Viewing the city as a boisterous mosaic of multiple movements, encounters, arrivals and departures, the research project ‘100memories’ attempts to reconstruct fragments from the ‘biographies’ of four port cities. Our research aims to compose the cities’ biographies by selectively reconstructing the spaces, experiences, and transformations which shaped these port cities into places both distinct and distinctive, while at the same time firmly integrating them into a global history of movement.
From September 1 to September 30, 1922, thirty-five steam ships and one ocean liner carrying more than 40,000 refugees from the Asia Minor coast docked at the Piraeus port and the neighbouring bay of Keratsini. Thousands of people disembarked in Piraeus and for days, weeks, or months, had to stay in expropriated accommodation, or remain homeless, sleeping in shabby makeshift sheds set up along the coastal highway and in churchyards, while new ships loaded with refugees arrived every day. As was true for most Greek port cities at the time, the endless refugee camp at the port and the city of Piraeus strikingly embodied the ‘refugee shock’ the Greek society had to grapple with after August 1922, when ‘a wave of mostly destitute refugees amounting to one fourth of the country’s inhabitants was added to the population’ (Christos Hadziiosif 2002, 9).

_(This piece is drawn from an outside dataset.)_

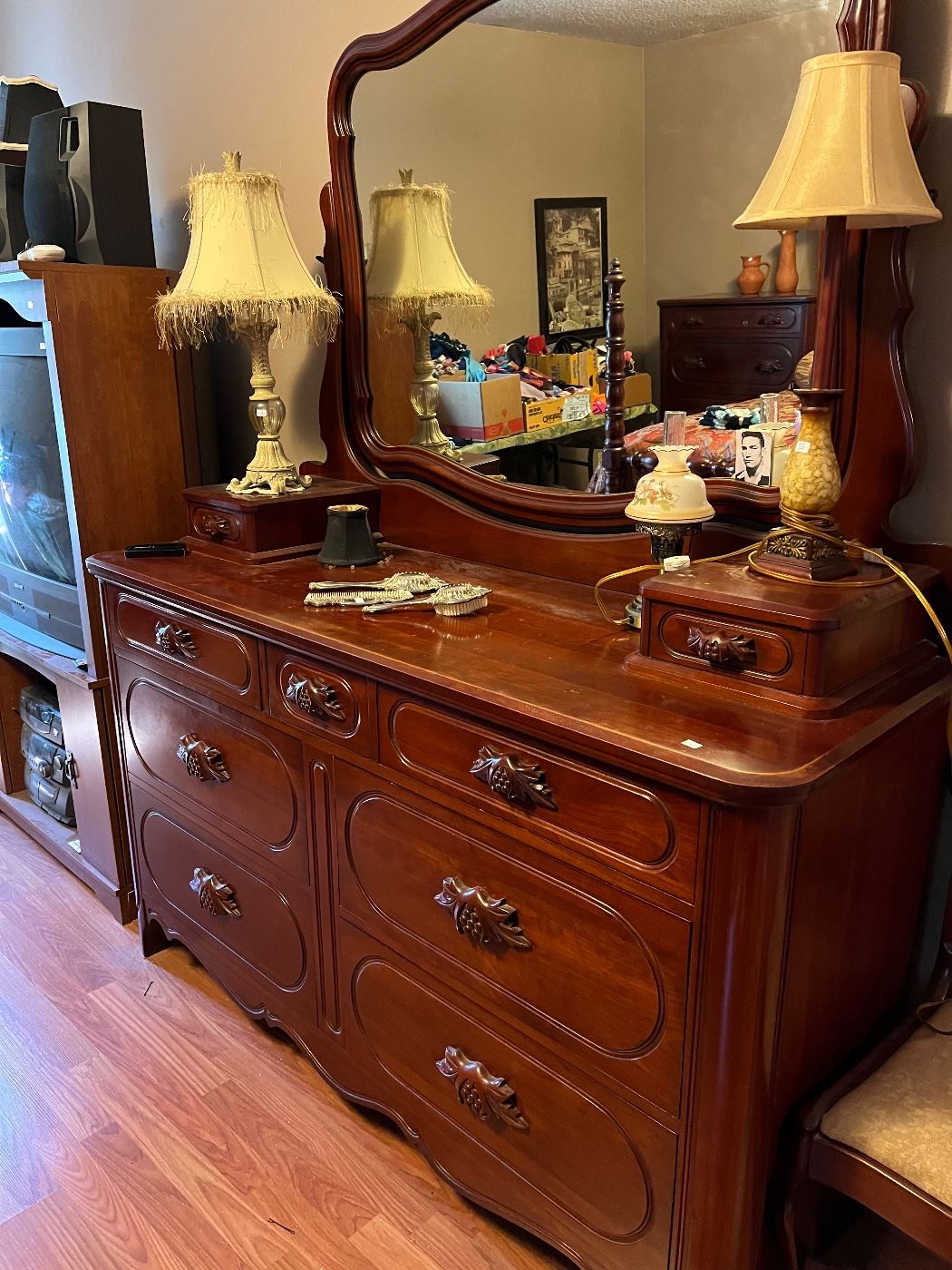 There will be great treasures at this home. The owners Mother worked at Davis Cabinet and helped make the Lillian Russell cherry bedroom suite we have for sale! There is a queen size bed with mattress set, extra large dresser with mirror, "chester" drawers, 3 drawer night stand and a pair of candlesticks. There is also a bar height drop leaf table with 2 chairs, sofa, side chairs, coffee tables, nesting tables, wingback chairs, floor jewelry box, round inlaid wood table, antique trunk, dresser, "chester" drawers, nightstand, bed, curio cabinet, lamps, bench, side tables, crystal, linens, china, Depression glass, antique...

The imperative to find a comprehensive solution to the issue of refugee housing at the highest political level is clearly illustrated by the establishment of the Refugee Care Fund (TPP) in November 1922. One of the first tasks undertaken by the TPP was to conduct a topographic survey at the northern boundaries of the Municipality of Piraeus along the gully of Kanapitseri, in an area which would later become the southern part of the Municipality of Nea Kokkinia. As we read in the ‘Refugee Remembrance Journal’, by 1925, a ‘miracle of aesthetics, urban planning and public hygiene’ had taken place in Kokkinia, where 42,000 refugees from Asia Minor lived in a ‘vast settlement, a behemoth built out of patience, money, and technical knowledge’. The figures prove the truth of the matter: TPP had spent approximately 50,000,000 drachmas for the construction of 1,150 houses comprising 7,850 rooms in order to provide housing to Asia Minor refugees, mainly from Smyrna. A work force of 3,480 refugees worked on this housing construction project, among whom 759 were women.

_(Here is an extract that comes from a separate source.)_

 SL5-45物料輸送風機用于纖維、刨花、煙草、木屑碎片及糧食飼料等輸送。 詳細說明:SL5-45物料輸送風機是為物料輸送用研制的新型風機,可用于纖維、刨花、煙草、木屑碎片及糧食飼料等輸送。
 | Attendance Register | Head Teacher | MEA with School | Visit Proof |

On Monday, December 14, 1959, the ocean liner ‘Patris’ departed from the port of Piraeus carrying more than 1,000 passengers to Australia. After covering 9,500 miles, it arrived at the port of Fremantle 23 days later, on January 2, and at the port of Melbourne four days later. The signing of the bilateral agreement between Australia and Greece in 1952 signalled the beginning of the mass postwar migration wave from Greece. Within 20 years, more than 250,000 Greeks had settled in Australia and 3,000 in New Zealand. Most of the migrants were farmers and unskilled workers searching for better employment opportunities and life conditions than those of post-civil war Greece. Once again, the port of Piraeus became a transportation hub for people looking for work and striving for a better life. For most Greek migrants to Australia, choosing the country as their new homeland was a monumental life decision, since travelling back to Greece even on holidays remains to this day complicated and expensive.
On the morning of August 20, 2015, the ship ‘Eleftherios Venizelos’ docked at the port of Piraeus carrying 2,440 refugees mainly from Syria; 1,308 had boarded the ship in Kos, 124 in Kalumnos, 300 in Leros and 708 in Mitilini. This first arrival was followed by many ships chartered by the government to carry refugees from the islands to the mainland over the course of a few months. More than 1,200,000 refugees crossed the Greek territory during that time. Most of them had come from Syria, Afghanistan, and Iraq to the Turkish coast, then to the Greek islands and from there, they arrived in Athens, Thessaloniki, Eidomeni and, via the Balkan route, Northern Europe. This period was characterised as a ‘refugee crisis’, but was also called ‘the summer of migration’. A huge wave of solidarity and support swept through the country at that time, with those who found themselves at the port of Piraeus experiencing both a terrible tragedy and an epic accomplishment and feeling conflicted emotions of joy and loss, hardship and hope, anguish and optimism.
Throughout this century, the port of Piraeus has constituted a place of arrival and departure, of goodbyes and reunions, but also a place of settlement for hundreds of thousands of people. The refugee neighbourhoods of 1922 later welcomed internal migrants from the islands and the mainland, bid farewell to those leaving for Australia, Germany, and Belgium, made space for migrants from the Balkans and Eastern Europe to build a new life in the 1990s, and showed their solidarity to the refugees who found themselves at the port of Piraeus in 2015, even if only temporarily.